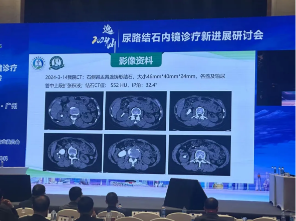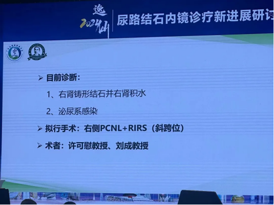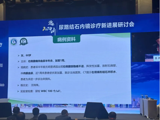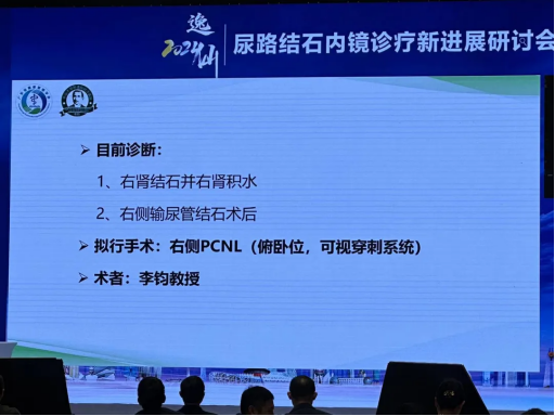 Professor Xu Wei demonstrated the lithotripsy surgery of Shuotong electronic percutaneous nephroloscopy crossbody position combined with soft microscope in the surgical demonstration session of the conference.
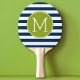 Navy and White Striped Pattern Green Monogram Ping Pong Paddle
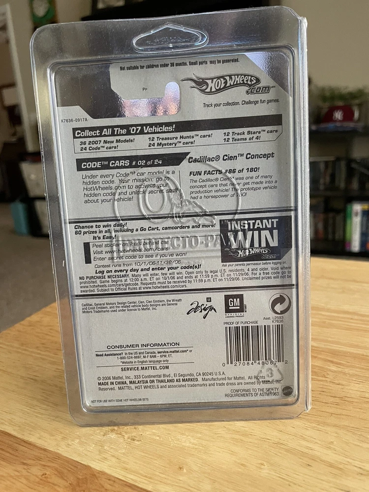 This Hot Wheels die-cast vehicle is a must-have for any car enthusiast. With its vibrant blue color and intricate detailing, this Cadillac Cien Concept model will make a great addition to any collection. The 1:64 scale and recommended age range of 5+ make it perfect for both kids and adults alike. Featuring the Code Car series and being the #02 of 24, this Hot Wheels car is a rare find. Made of high-quality die-cast material, it is both durable and well-crafted. The 2006 year of manufacture and Cars character family add to its collectible value. Don't miss your chance to own this stunning Hot Wheels Cadillac Cien Concept model!
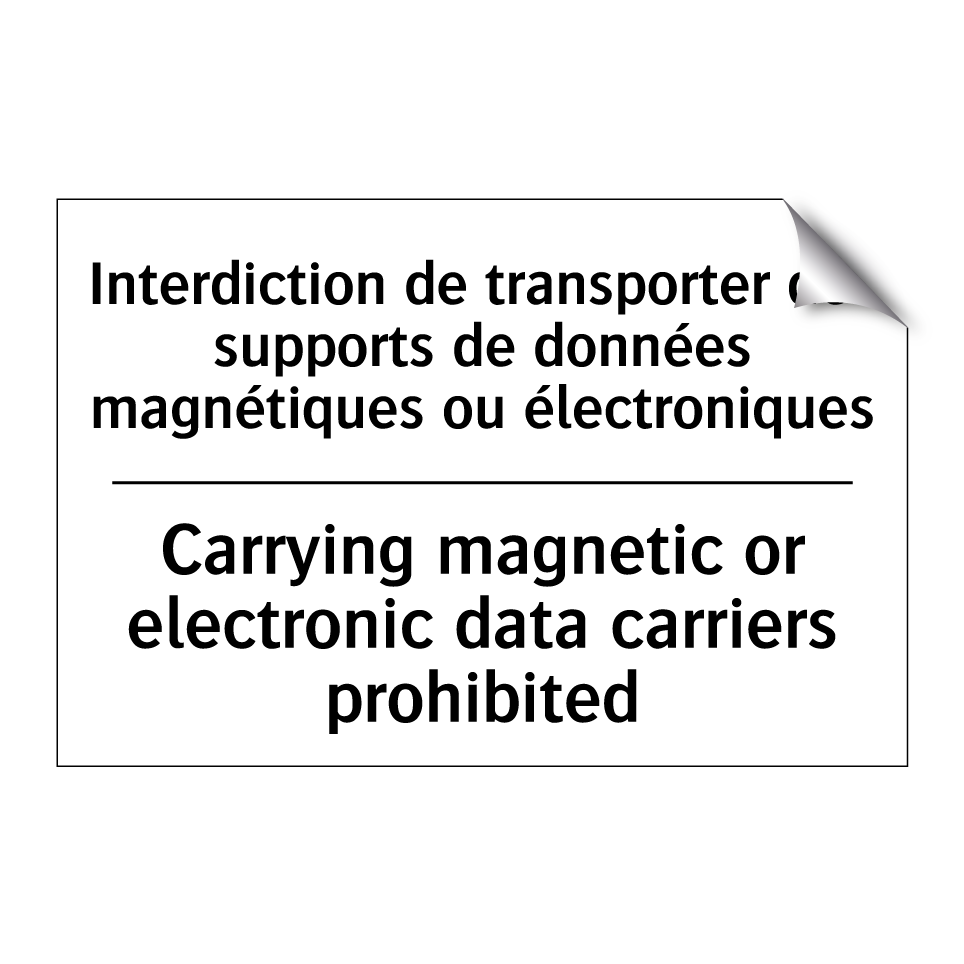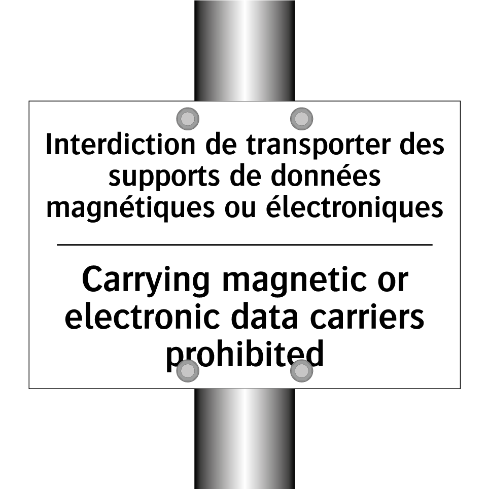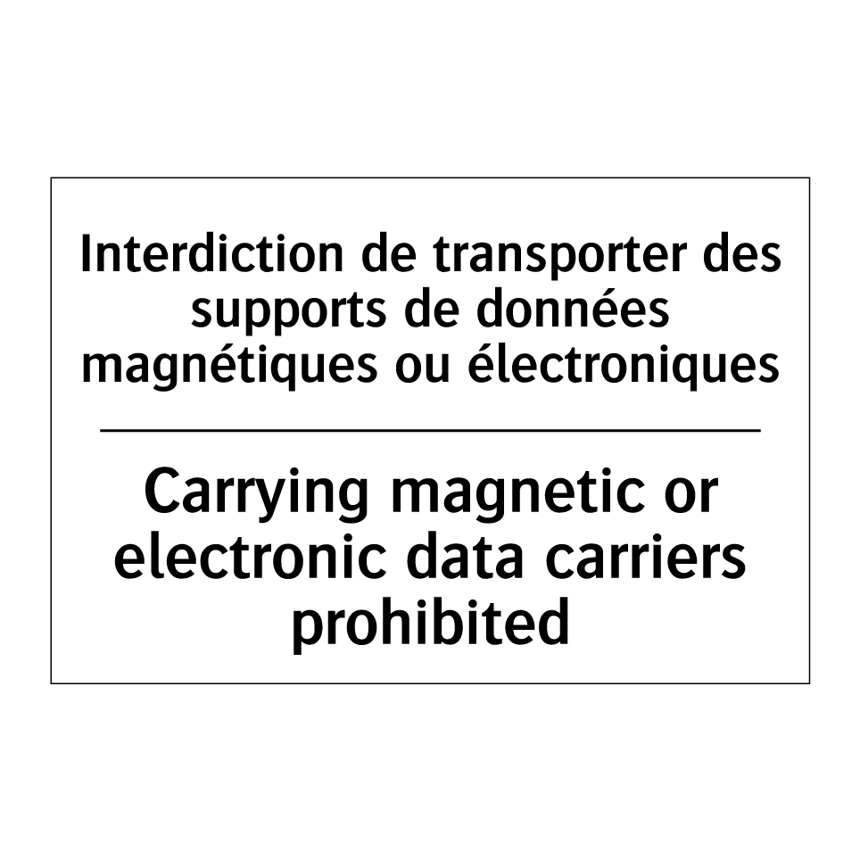 Panneau d'interdiction bilingue avec texte en français : "Interdiction de transporter des supports de données magnétiques ou électroniques", et en anglais : "Carrying magnetic or electronic data carriers prohibited"

========================================================================

# WORK TO BE COMPLETED
Every line of the data is to be transcribed exactly, and no picture is to be included.

# REPLY
 Professor Xu Wei demonstrated the lithotripsy surgery of Shuotong electronic percutaneous nephroloscopy crossbody position combined with soft microscope in the surgical demonstration session of the conference.
 Navy and White Striped Pattern Green Monogram Ping Pong Paddle
 This Hot Wheels die-cast vehicle is a must-have for any car enthusiast. With its vibrant blue color and intricate detailing, this Cadillac Cien Concept model will make a great addition to any collection. The 1:64 scale and recommended age range of 5+ make it perfect for both kids and adults alike. Featuring the Code Car series and being the #02 of 24, this Hot Wheels car is a rare find. Made of high-quality die-cast material, it is both durable and well-crafted. The 2006 year of manufacture and Cars character family add to its collectible value. Don't miss your chance to own this stunning Hot Wheels Cadillac Cien Concept model!
 Panneau d'interdiction bilingue avec texte en français : "Interdiction de transporter des supports de données magnétiques ou électroniques", et en anglais : "Carrying magnetic or electronic data carriers prohibited"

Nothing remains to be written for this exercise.